Two Reasons Why Threshold-Based Monitoring Is Hopelessly Broken
Why is a threshold-based alert such a disaster? There are two big reasons.
- Thresholds are always wrong. They’re worse than a broken clock, which is at least right twice a day. A threshold is wrong for any given system, because all systems are slightly different, and it’s wrong for any given moment during the day, because systems experience constantly changing load and other circumstances.
- Abnormalities aren’t problems. A threshold is intended to detect when something is abnormal or unacceptable, but it’s based on the false premise that abnormality indicates a problem. The truth is that systems are constantly in and out of abnormal states — what you think is abnormal is actually normal and common for a system’s state. As a result, any alert you set on a metric exceeding what you think is a normal threshold is going to fire a lot — way more than you think it will — because of conditions that aren’t even problems. This is also true of standard-deviation-based thresholds and Holt-Winters predictions and so on. A monitoring system needs to know the difference between an unusual state and a real problem, and this isn’t possible with a threshold.
That’s why the entire idea of alerting when a metric exceeds a threshold is completely, fundamentally broken. It can’t be fixed. It’s the wrong thing to do.
We’re not the only ones who have noticed this. Just to cite one example, Mathias Meyer alluded to these problems, saying:
Monitoring still involves a lot of looking at graphs, correlating several different time series after the fact, and figuring out and checking for thresholds to trigger alerts.
… We spend an eternity looking at graphs, right after an alert was triggered because a certain threshold was crossed. Does that alert even mean anything, is it important right now? It’s where a human operator still has to decide if it’s worth the trouble or if they should just ignore the alert.
… I’d like our monitoring system to be built for humans.

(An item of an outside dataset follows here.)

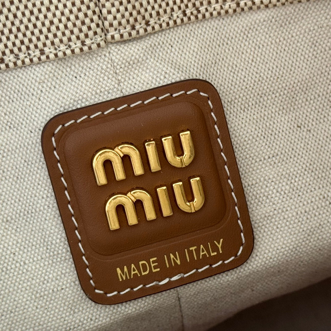 BUCKET BAG 22 BEIGE AND BRANDY IN CANVAS
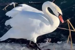 Спасатели освободили лебедя, вмерзшего в лед на реке в Анапе

Mathias makes a lot of great points in his post, but a thread that’s running between the lines, a little bit unspoken, is that there’s something utterly wrong about the idea of graphs and thresholds to begin with. A big part of what’s wrong is the impossibility of thresholds. Trying harder to make thresholds work, or trying harder to use them to detect abnormalities, is like the man who dropped his glasses in the gutter but looks for them in the street, where the light is better.
Setting thresholds on metrics isn’t going to help. Doing a more careful job of it isn’t going to help. Detecting things that are out of the ordinary isn’t going to help. You can’t get there (elimination of false positives and false negatives) from here (metrics, thresholds, and graphs).
At SolarWinds, we have developed technology that almost completely eliminates threshold-based alerts. This is one of the Holy Grails of monitoring, and many brave souls have tried to do this before–and failed. Our technology is called Adaptive Fault Detection, and it works. I’m tremendously excited about it.